■ **TASK STATEMENT**
Below are the records; give again exactly the lines from the one containing "కలం పవర్ న్యూస్" through the one containing "The reinforced rim", leaving out pictures.

*** INFORMATION GIVEN ***

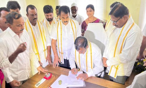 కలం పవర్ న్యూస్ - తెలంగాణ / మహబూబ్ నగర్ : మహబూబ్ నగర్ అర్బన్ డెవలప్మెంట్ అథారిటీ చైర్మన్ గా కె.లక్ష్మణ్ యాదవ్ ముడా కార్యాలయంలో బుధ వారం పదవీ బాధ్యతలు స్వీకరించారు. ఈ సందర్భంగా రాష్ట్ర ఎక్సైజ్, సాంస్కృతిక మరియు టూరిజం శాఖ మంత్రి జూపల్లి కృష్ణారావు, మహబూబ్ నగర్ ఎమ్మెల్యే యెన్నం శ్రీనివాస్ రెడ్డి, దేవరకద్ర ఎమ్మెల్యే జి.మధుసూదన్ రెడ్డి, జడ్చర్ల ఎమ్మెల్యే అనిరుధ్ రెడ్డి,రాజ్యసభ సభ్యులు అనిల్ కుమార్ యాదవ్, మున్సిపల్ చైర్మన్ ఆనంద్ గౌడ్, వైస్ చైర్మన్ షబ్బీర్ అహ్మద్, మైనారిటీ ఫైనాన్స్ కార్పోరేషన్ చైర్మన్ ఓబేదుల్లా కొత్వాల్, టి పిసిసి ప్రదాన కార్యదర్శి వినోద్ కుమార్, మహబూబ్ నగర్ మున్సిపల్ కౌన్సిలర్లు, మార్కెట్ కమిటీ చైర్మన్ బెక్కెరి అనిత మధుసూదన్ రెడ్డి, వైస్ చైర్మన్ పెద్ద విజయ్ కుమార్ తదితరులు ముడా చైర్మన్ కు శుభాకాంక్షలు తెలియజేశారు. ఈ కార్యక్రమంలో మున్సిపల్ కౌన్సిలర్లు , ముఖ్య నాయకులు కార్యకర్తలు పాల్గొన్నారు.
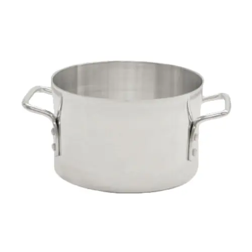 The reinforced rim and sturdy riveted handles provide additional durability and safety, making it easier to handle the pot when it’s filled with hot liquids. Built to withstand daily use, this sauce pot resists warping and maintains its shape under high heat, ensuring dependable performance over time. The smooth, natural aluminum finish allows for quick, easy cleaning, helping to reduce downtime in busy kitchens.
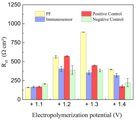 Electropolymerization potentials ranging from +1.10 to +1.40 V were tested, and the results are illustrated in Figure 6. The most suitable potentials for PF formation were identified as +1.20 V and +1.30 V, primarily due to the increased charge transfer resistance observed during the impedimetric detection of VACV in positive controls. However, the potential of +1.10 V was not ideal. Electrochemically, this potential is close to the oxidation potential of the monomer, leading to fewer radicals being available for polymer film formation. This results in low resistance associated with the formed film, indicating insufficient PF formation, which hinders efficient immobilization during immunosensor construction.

*** End of INFORMATION GIVEN ***
*** INFORMATION GIVEN ***

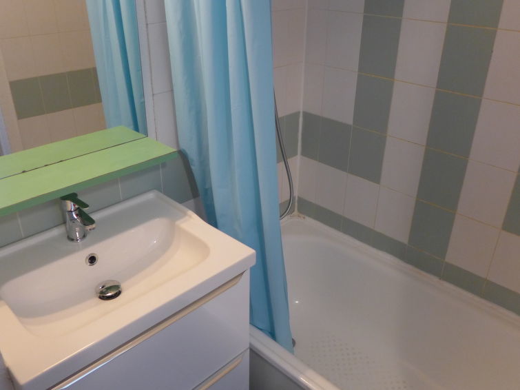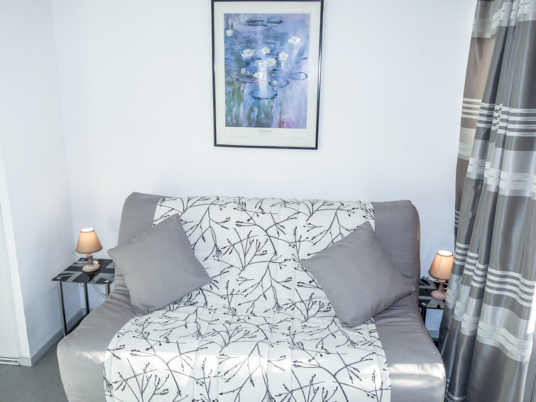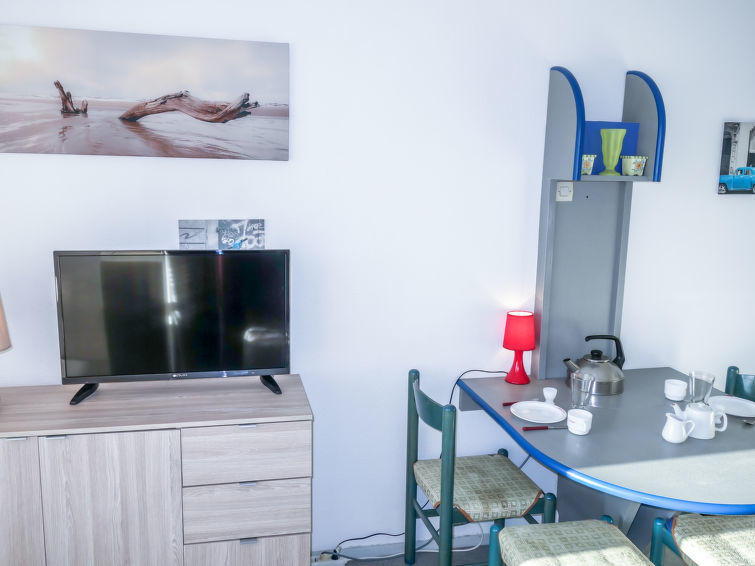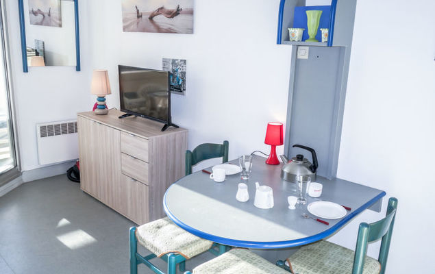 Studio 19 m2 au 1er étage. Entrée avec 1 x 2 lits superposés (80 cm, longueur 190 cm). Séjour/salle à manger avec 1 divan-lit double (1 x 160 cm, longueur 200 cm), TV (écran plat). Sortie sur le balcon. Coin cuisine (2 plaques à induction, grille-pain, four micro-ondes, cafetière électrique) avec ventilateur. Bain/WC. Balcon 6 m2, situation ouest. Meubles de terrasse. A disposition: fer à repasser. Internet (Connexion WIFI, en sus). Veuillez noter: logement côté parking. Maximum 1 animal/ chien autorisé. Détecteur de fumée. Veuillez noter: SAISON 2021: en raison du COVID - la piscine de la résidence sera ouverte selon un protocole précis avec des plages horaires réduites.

*** End of INFORMATION GIVEN ***

■ **RESULT FOR THIS TASK**
 కలం పవర్ న్యూస్ - తెలంగాణ / మహబూబ్ నగర్ : మహబూబ్ నగర్ అర్బన్ డెవలప్మెంట్ అథారిటీ చైర్మన్ గా కె.లక్ష్మణ్ యాదవ్ ముడా కార్యాలయంలో బుధ వారం పదవీ బాధ్యతలు స్వీకరించారు. ఈ సందర్భంగా రాష్ట్ర ఎక్సైజ్, సాంస్కృతిక మరియు టూరిజం శాఖ మంత్రి జూపల్లి కృష్ణారావు, మహబూబ్ నగర్ ఎమ్మెల్యే యెన్నం శ్రీనివాస్ రెడ్డి, దేవరకద్ర ఎమ్మెల్యే జి.మధుసూదన్ రెడ్డి, జడ్చర్ల ఎమ్మెల్యే అనిరుధ్ రెడ్డి,రాజ్యసభ సభ్యులు అనిల్ కుమార్ యాదవ్, మున్సిపల్ చైర్మన్ ఆనంద్ గౌడ్, వైస్ చైర్మన్ షబ్బీర్ అహ్మద్, మైనారిటీ ఫైనాన్స్ కార్పోరేషన్ చైర్మన్ ఓబేదుల్లా కొత్వాల్, టి పిసిసి ప్రదాన కార్యదర్శి వినోద్ కుమార్, మహబూబ్ నగర్ మున్సిపల్ కౌన్సిలర్లు, మార్కెట్ కమిటీ చైర్మన్ బెక్కెరి అనిత మధుసూదన్ రెడ్డి, వైస్ చైర్మన్ పెద్ద విజయ్ కుమార్ తదితరులు ముడా చైర్మన్ కు శుభాకాంక్షలు తెలియజేశారు. ఈ కార్యక్రమంలో మున్సిపల్ కౌన్సిలర్లు , ముఖ్య నాయకులు కార్యకర్తలు పాల్గొన్నారు.
 The reinforced rim and sturdy riveted handles provide additional durability and safety, making it easier to handle the pot when it’s filled with hot liquids. Built to withstand daily use, this sauce pot resists warping and maintains its shape under high heat, ensuring dependable performance over time. The smooth, natural aluminum finish allows for quick, easy cleaning, helping to reduce downtime in busy kitchens.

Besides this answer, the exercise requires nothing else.